START Extracted material
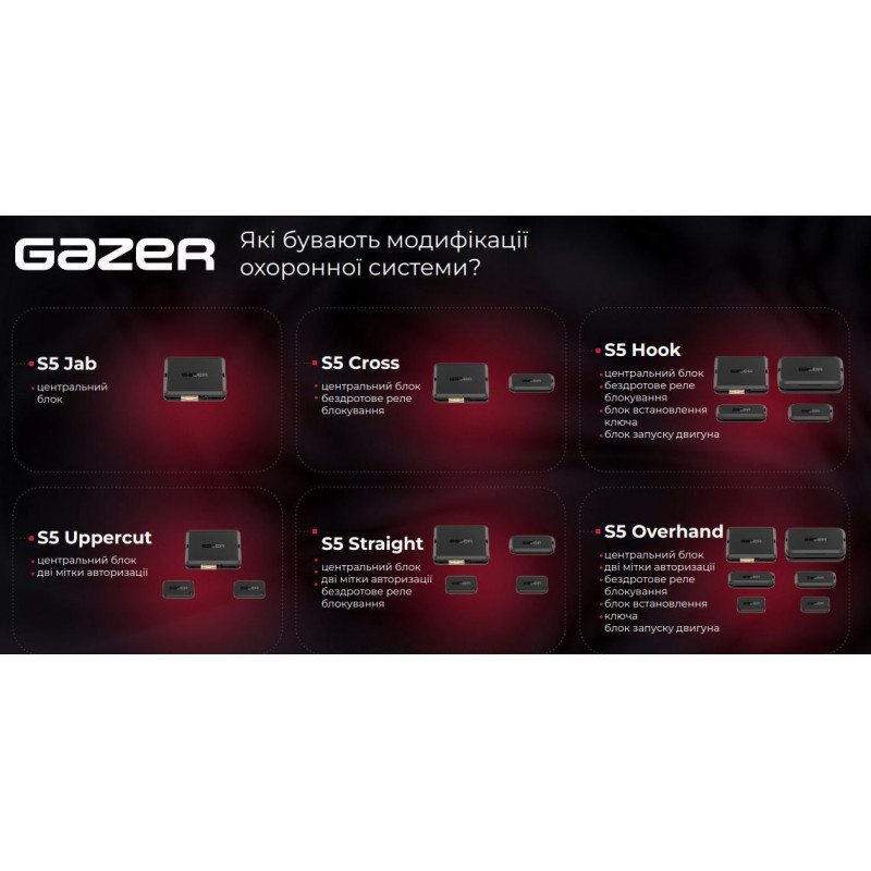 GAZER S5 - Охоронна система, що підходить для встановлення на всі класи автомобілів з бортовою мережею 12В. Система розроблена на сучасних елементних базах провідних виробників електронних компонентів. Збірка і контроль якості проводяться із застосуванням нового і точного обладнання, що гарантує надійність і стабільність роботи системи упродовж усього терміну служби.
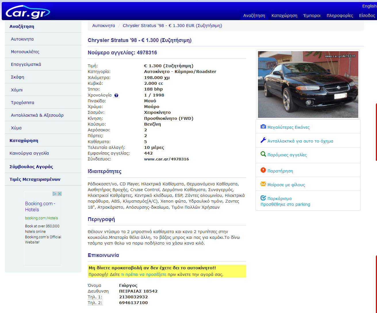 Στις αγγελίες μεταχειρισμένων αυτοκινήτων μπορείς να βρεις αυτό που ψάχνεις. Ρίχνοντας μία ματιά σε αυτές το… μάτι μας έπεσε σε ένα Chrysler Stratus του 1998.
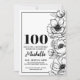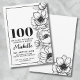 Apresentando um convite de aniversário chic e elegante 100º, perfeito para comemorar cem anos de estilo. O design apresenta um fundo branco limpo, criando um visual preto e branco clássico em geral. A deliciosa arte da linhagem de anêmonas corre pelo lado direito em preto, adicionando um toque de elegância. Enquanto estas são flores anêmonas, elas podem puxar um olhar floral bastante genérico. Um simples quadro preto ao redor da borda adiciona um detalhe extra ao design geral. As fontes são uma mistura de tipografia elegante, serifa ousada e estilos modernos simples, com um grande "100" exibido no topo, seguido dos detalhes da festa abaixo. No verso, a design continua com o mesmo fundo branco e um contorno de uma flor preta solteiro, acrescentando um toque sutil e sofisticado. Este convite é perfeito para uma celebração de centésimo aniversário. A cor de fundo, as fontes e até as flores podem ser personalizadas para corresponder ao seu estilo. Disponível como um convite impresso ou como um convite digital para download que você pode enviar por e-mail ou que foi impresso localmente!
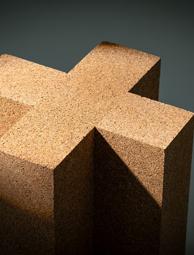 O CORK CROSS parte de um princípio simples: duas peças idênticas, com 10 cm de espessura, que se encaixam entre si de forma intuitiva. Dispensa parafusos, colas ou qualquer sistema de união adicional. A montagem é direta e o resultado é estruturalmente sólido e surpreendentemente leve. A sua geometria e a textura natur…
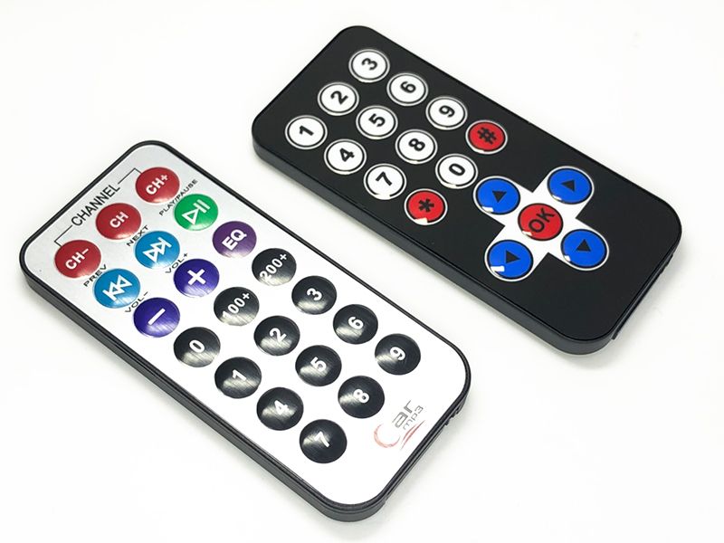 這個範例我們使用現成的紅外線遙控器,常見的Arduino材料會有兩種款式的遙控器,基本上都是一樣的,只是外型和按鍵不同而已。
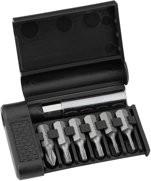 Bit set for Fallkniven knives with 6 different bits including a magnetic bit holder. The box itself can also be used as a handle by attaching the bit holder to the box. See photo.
END Extracted material
◆ What the task requires ◆
The entries are to be transcribed word for word, without their images.

◆ Exercise solution ◆
 GAZER S5 - Охоронна система, що підходить для встановлення на всі класи автомобілів з бортовою мережею 12В. Система розроблена на сучасних елементних базах провідних виробників електронних компонентів. Збірка і контроль якості проводяться із застосуванням нового і точного обладнання, що гарантує надійність і стабільність роботи системи упродовж усього терміну служби.
 Στις αγγελίες μεταχειρισμένων αυτοκινήτων μπορείς να βρεις αυτό που ψάχνεις. Ρίχνοντας μία ματιά σε αυτές το… μάτι μας έπεσε σε ένα Chrysler Stratus του 1998.
 Apresentando um convite de aniversário chic e elegante 100º, perfeito para comemorar cem anos de estilo. O design apresenta um fundo branco limpo, criando um visual preto e branco clássico em geral. A deliciosa arte da linhagem de anêmonas corre pelo lado direito em preto, adicionando um toque de elegância. Enquanto estas são flores anêmonas, elas podem puxar um olhar floral bastante genérico. Um simples quadro preto ao redor da borda adiciona um detalhe extra ao design geral. As fontes são uma mistura de tipografia elegante, serifa ousada e estilos modernos simples, com um grande "100" exibido no topo, seguido dos detalhes da festa abaixo. No verso, a design continua com o mesmo fundo branco e um contorno de uma flor preta solteiro, acrescentando um toque sutil e sofisticado. Este convite é perfeito para uma celebração de centésimo aniversário. A cor de fundo, as fontes e até as flores podem ser personalizadas para corresponder ao seu estilo. Disponível como um convite impresso ou como um convite digital para download que você pode enviar por e-mail ou que foi impresso localmente!
 O CORK CROSS parte de um princípio simples: duas peças idênticas, com 10 cm de espessura, que se encaixam entre si de forma intuitiva. Dispensa parafusos, colas ou qualquer sistema de união adicional. A montagem é direta e o resultado é estruturalmente sólido e surpreendentemente leve. A sua geometria e a textura natur…
 這個範例我們使用現成的紅外線遙控器,常見的Arduino材料會有兩種款式的遙控器,基本上都是一樣的,只是外型和按鍵不同而已。
 Bit set for Fallkniven knives with 6 different bits including a magnetic bit holder. The box itself can also be used as a handle by attaching the bit holder to the box. See photo.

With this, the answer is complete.